Ethanol industry suffering like refinery operators

 

 

The nation’s ethanol industry could take a $10 billion hit over the coronavirus pandemic according to the Renewable Fuels Association. Ethanol plant operators are experiencing some of the same pains felt by refineries.

Details came this week in the Oklahoma Farm Report which indicated it will have an impact also on corn growers.

As the COVID-19 pandemic and crude oil glut continue to ravage world fuel markets, U.S. ethanol sales in 2020 could fall by more than $10 billion and the industry’s contribution to gross domestic product (GDP) could drop by nearly one-third, according to a new analysis released today by the Renewable Fuels Association (RFA). The economic losses stem from a “pernicious combination of steep production cuts and sharply lower prices” in response to COVID-19 stay-at-home orders and the resulting collapse in fuel consumption, according to the report.

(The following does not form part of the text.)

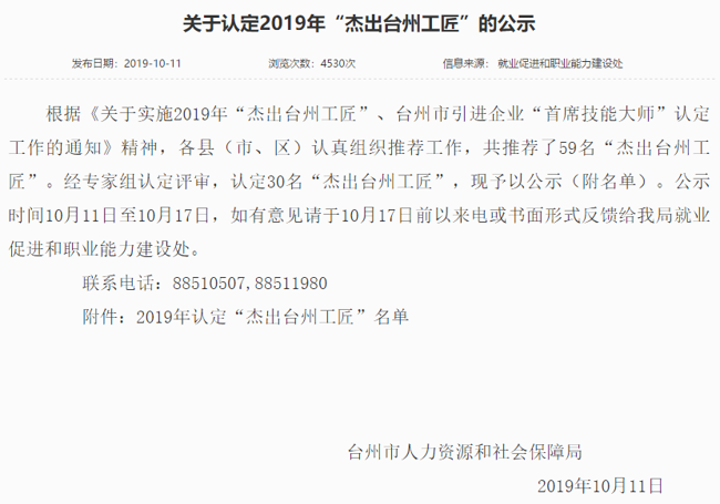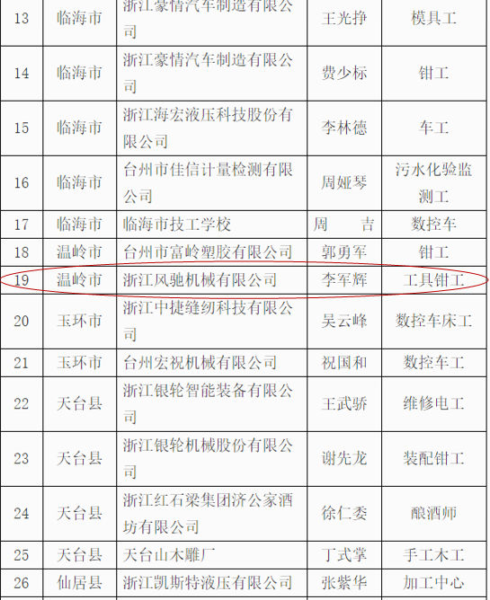 我司根據(jù)《關(guān)于實(shí)施2019年“杰出臺州工匠”、臺州市引進(jìn)企業(yè)“首席技能大師”認(rèn)定工作》的通知要求,通過公司推薦,資格初審,經(jīng)專家組認(rèn)定評審,我司研發(fā)中心工程師李軍輝成功順利入選被評選為“杰出臺州工匠”,并在網(wǎng)上予以公示,符合公司的價值觀“客戶為先、誠信負(fù)責(zé)、團(tuán)隊(duì)合作、務(wù)實(shí)創(chuàng)新”精神。

RFA warned that these economic damages go far beyond the ethanol sector. America’s farmers will also be negatively impacted, as ethanol typically provides a market for two out of every five rows of corn and more than one-third of the annual sorghum crop. Meanwhile, the industry normally supports 350,000 jobs across all sectors of the economy, and contributes valuable co-products like distillers grains, corn distillers oil, and captured carbon dioxide to the food supply chain.

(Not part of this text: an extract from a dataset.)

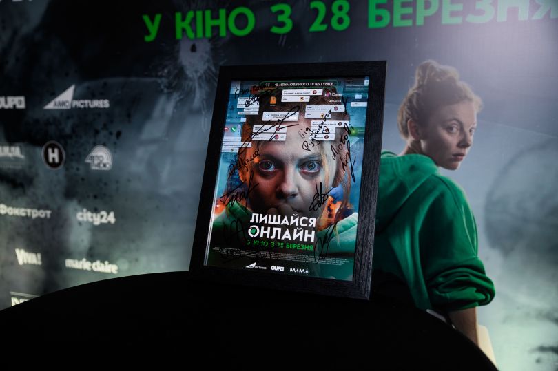 26 березня у столичному кінотеатрі “Оскар” в ТРЦ “Гулівер” відбувся великий допремʼєрний показ художнього фільму “Лишайся онлайн”, знятого під час повномасштабного вторгнення в унікальному для українського глядача форматі скрінлайф. Захід відвідало близько 500 гостей: телеведучі, інфлюенсери, військові, волонтери, громадські діячі, медіаменеджери, зокрема Олена Кравець, Олександр Терен, Соломія Вітвіцька, Сергій Стрельников, Римма Зюбіна, Олександр Ткаченко, Ірина Кудашова, Олександр Волошин, Олена Світлицька, Олександр Яцентюк, Роланд Мішко, Юля Юріна, Анна Добриднєва, Олег Скрипка, Валерія Ходос, Богдан Рубан, Анна Тульєва, Георгій Зантарая та багато інших.

Building on the results from a recent Purdue University study, the RFA analysis estimates that ethanol production could fall by approximately 3 billion gallons in 2020, representing a nearly 20 percent cut from levels that would have otherwise been expected. Mainly due to lower usage and high inventories, ethanol prices could be 56 cents per gallon lower on average from March to December than they otherwise would have been; as a result, ethanol sales fall to $12.5 billion in 2020, a 46 percent reduction from the $23 billion that would have been expected absent COVID-19.